(WHAT YOU SHOULD DO):
Nothing but the lines below from the one with "Náhodný okoloidúci sa" through the one with "MTH 邊倩每月恒常早、晚綠度母、藥師佛及瑪哈嘎拉(煙供)日修" should be output, each exactly as given, and no pictures.

DATA Block Start

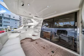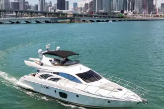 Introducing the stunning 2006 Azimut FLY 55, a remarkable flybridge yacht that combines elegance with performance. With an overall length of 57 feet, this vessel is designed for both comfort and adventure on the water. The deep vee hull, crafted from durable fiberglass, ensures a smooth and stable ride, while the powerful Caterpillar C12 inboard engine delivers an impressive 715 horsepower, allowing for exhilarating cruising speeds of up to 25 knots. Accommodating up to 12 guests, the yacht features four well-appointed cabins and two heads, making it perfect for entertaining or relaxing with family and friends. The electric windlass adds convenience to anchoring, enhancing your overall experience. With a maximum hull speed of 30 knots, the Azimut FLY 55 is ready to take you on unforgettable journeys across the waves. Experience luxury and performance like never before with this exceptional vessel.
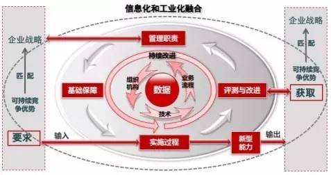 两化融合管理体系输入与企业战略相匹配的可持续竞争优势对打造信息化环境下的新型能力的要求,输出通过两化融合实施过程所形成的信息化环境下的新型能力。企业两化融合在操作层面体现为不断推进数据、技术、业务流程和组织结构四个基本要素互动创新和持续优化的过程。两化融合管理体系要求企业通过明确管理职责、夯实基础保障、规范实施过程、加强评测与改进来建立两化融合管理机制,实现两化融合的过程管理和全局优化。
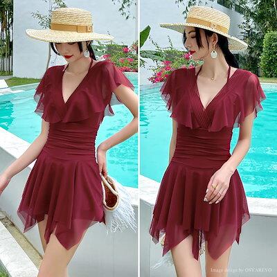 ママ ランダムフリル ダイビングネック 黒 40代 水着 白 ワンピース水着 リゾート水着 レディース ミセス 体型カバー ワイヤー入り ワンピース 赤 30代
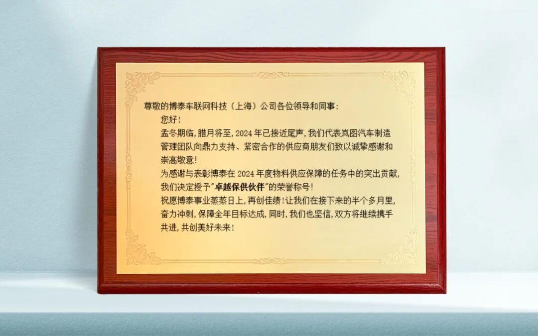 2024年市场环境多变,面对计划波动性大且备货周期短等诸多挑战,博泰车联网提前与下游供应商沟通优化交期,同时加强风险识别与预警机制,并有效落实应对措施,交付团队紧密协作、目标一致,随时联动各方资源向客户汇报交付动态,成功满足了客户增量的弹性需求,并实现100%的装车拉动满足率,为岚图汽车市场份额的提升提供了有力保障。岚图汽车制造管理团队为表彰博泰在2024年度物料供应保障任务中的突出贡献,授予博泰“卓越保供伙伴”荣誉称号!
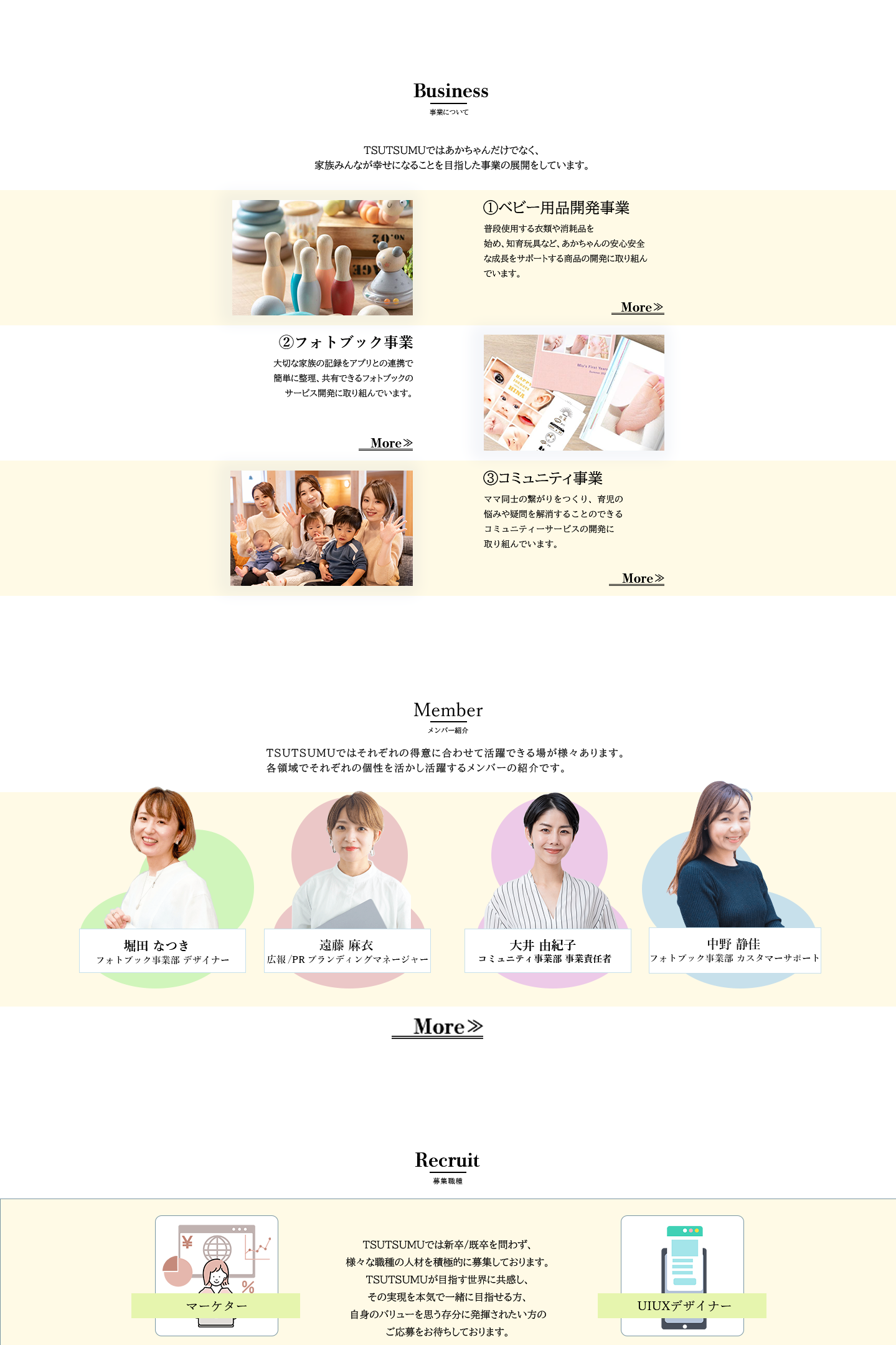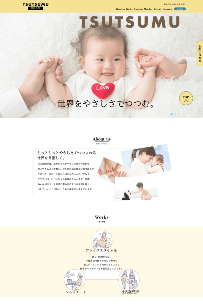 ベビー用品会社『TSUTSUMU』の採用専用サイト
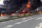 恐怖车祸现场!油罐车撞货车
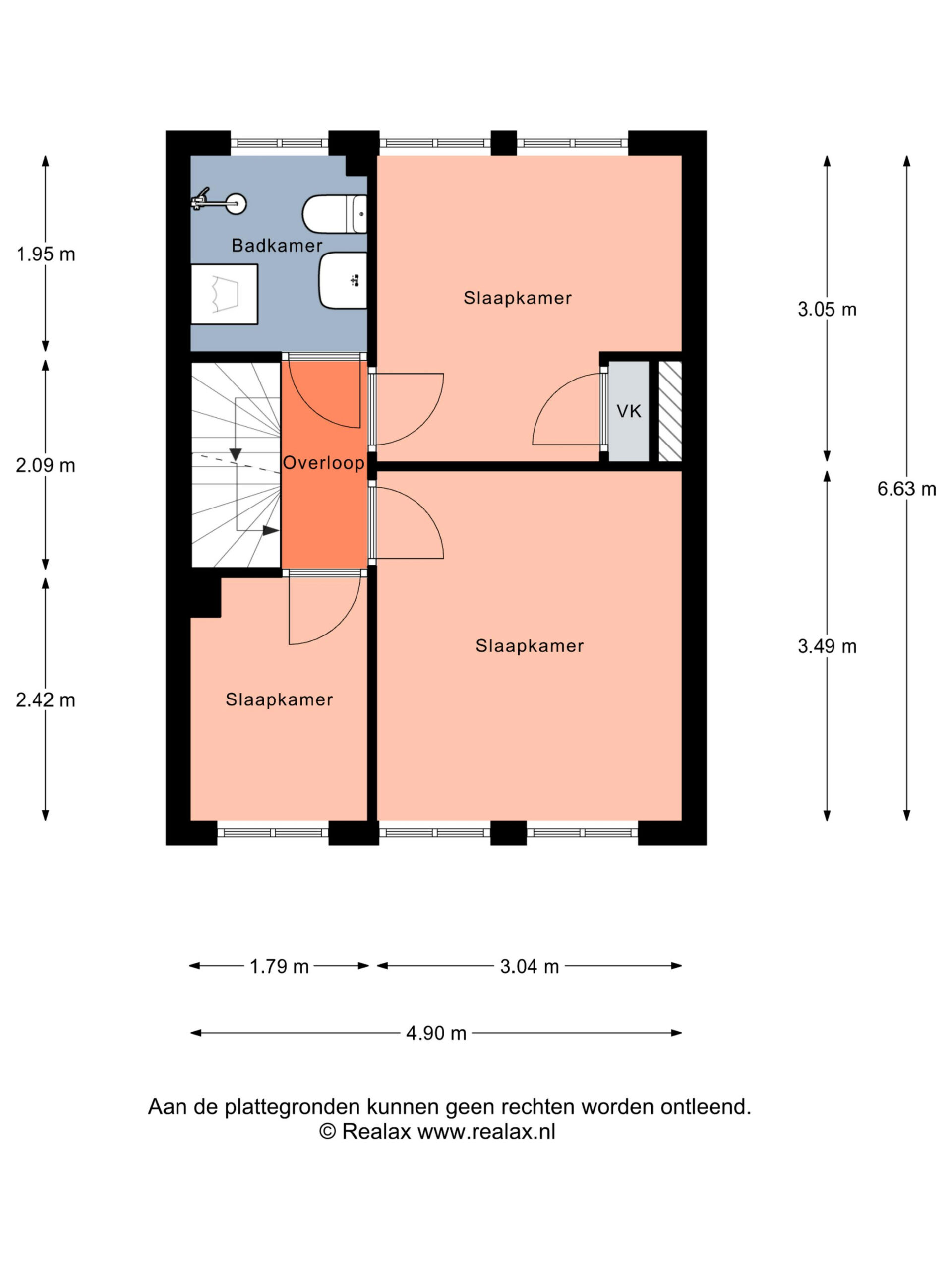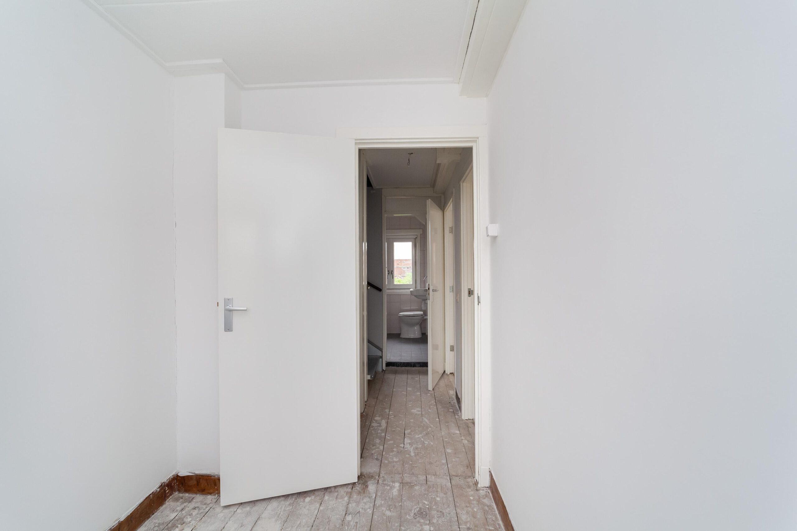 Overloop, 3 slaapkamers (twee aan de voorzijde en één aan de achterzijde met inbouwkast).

DATA Block End
DATA Block Start

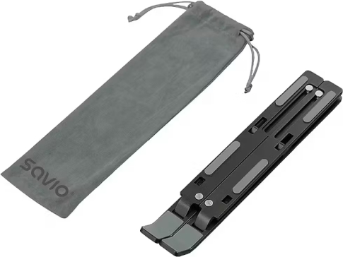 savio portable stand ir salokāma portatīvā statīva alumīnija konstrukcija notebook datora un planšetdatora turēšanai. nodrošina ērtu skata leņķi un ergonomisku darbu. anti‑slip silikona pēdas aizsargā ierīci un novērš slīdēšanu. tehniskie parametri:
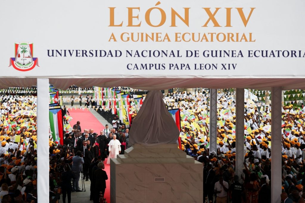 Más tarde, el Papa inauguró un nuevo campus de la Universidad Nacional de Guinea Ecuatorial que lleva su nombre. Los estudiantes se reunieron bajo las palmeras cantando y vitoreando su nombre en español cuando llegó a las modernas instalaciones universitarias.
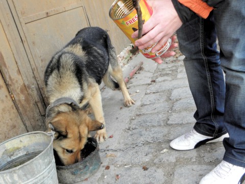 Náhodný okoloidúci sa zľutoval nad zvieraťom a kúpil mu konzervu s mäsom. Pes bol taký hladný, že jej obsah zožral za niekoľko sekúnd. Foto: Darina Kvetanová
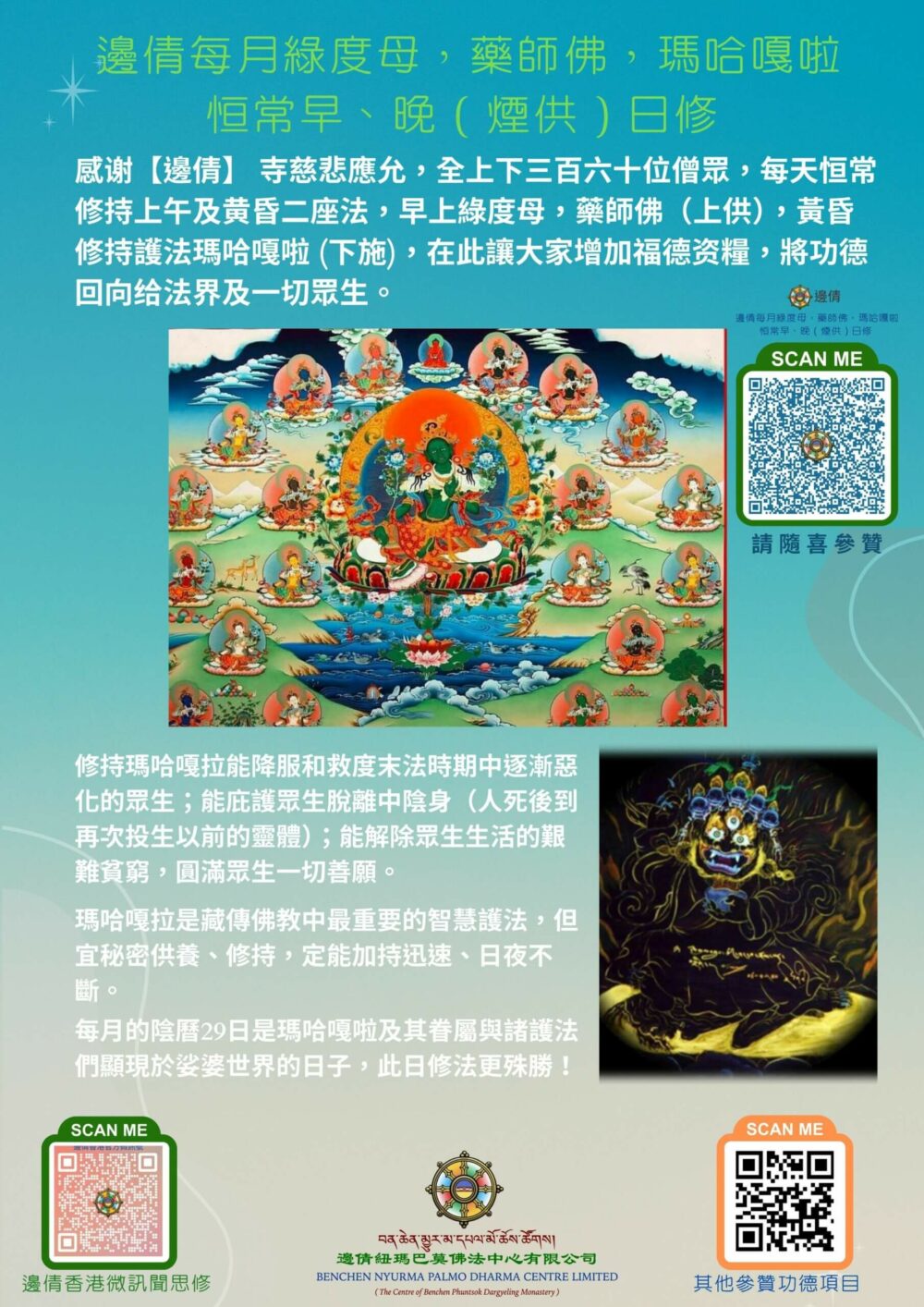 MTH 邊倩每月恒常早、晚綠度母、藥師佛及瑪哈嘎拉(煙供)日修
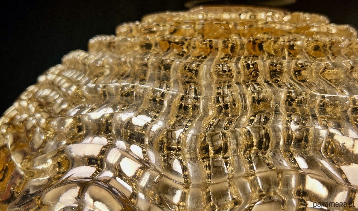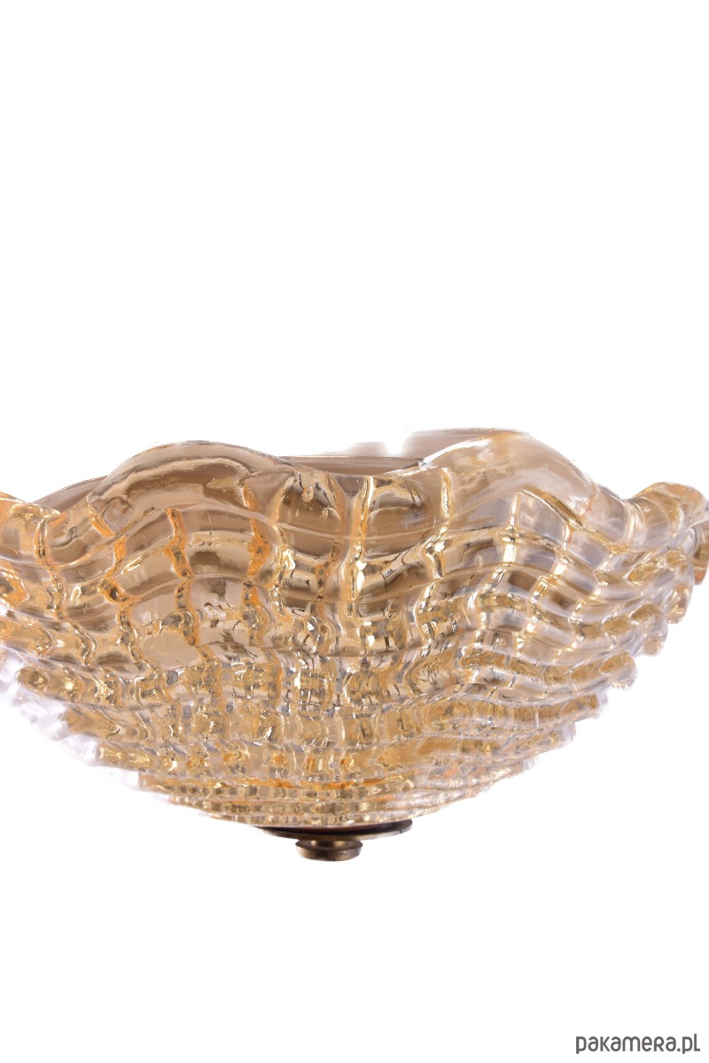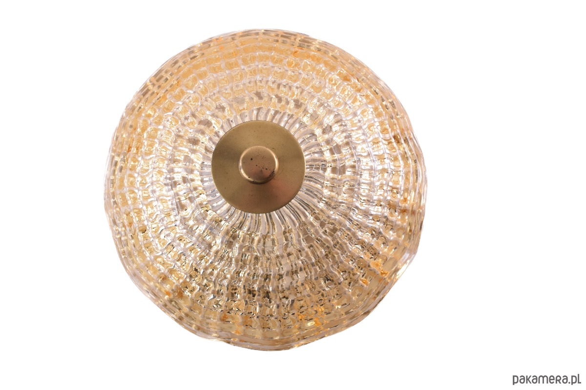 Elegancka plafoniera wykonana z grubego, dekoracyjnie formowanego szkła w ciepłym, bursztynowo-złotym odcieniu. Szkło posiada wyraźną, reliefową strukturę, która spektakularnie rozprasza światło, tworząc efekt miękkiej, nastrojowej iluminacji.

DATA Block End
DATA Block Start

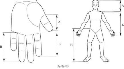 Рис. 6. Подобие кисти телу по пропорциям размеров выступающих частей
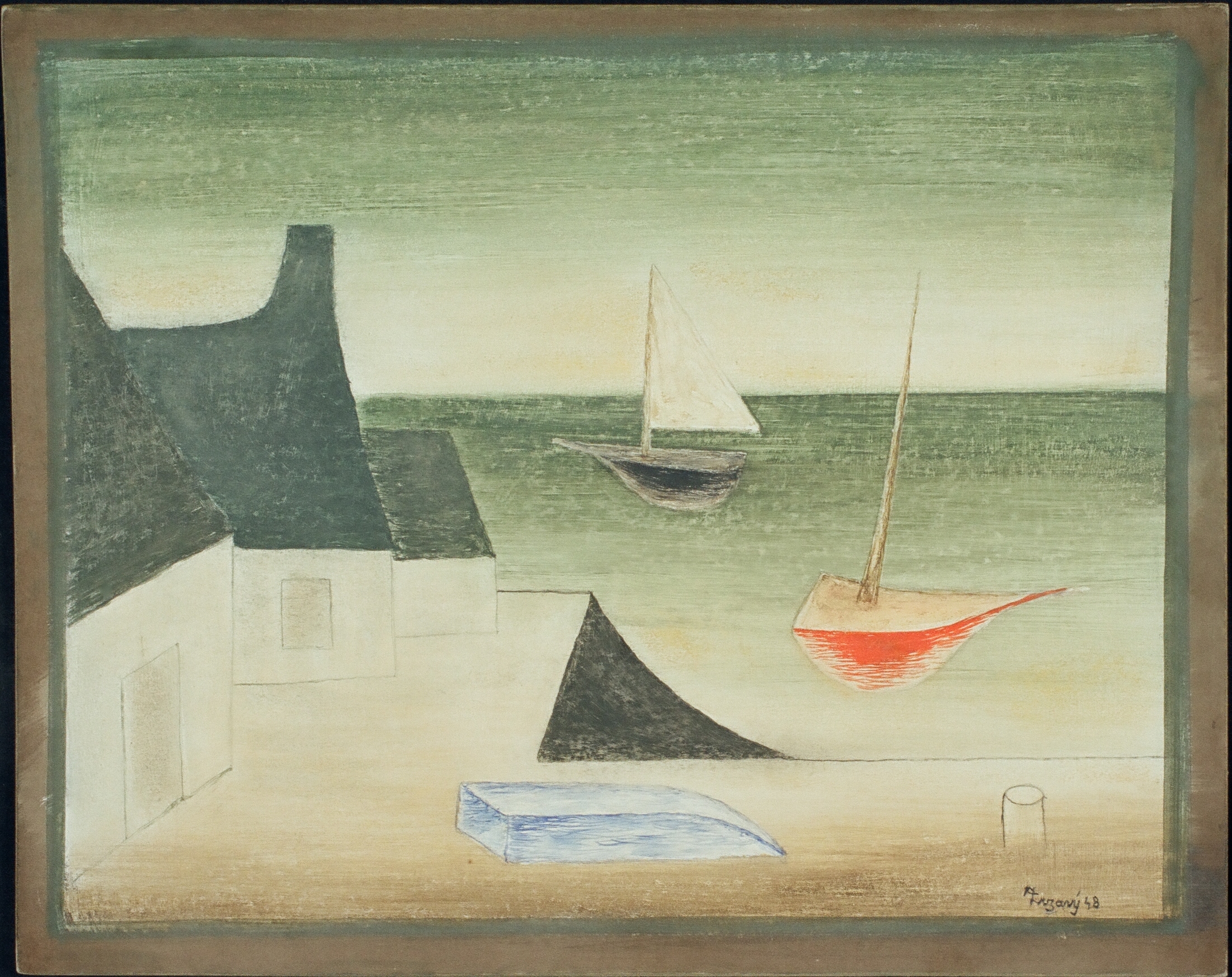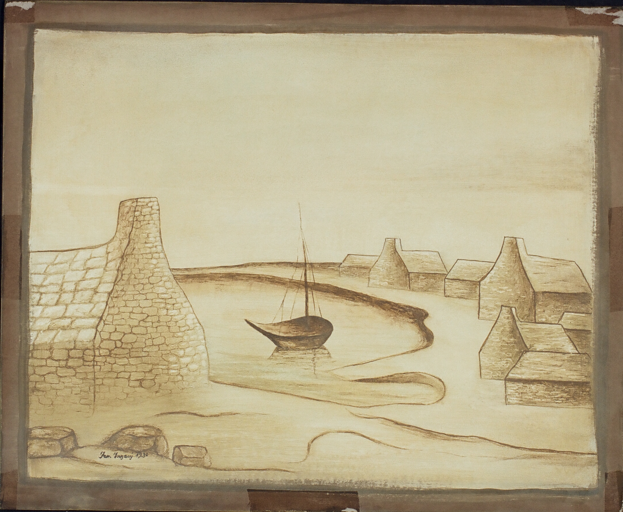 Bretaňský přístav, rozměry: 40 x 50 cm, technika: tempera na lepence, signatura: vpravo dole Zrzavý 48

DATA Block End

(EXPECTED ANSWER):
 Náhodný okoloidúci sa zľutoval nad zvieraťom a kúpil mu konzervu s mäsom. Pes bol taký hladný, že jej obsah zožral za niekoľko sekúnd. Foto: Darina Kvetanová
 MTH 邊倩每月恒常早、晚綠度母、藥師佛及瑪哈嘎拉(煙供)日修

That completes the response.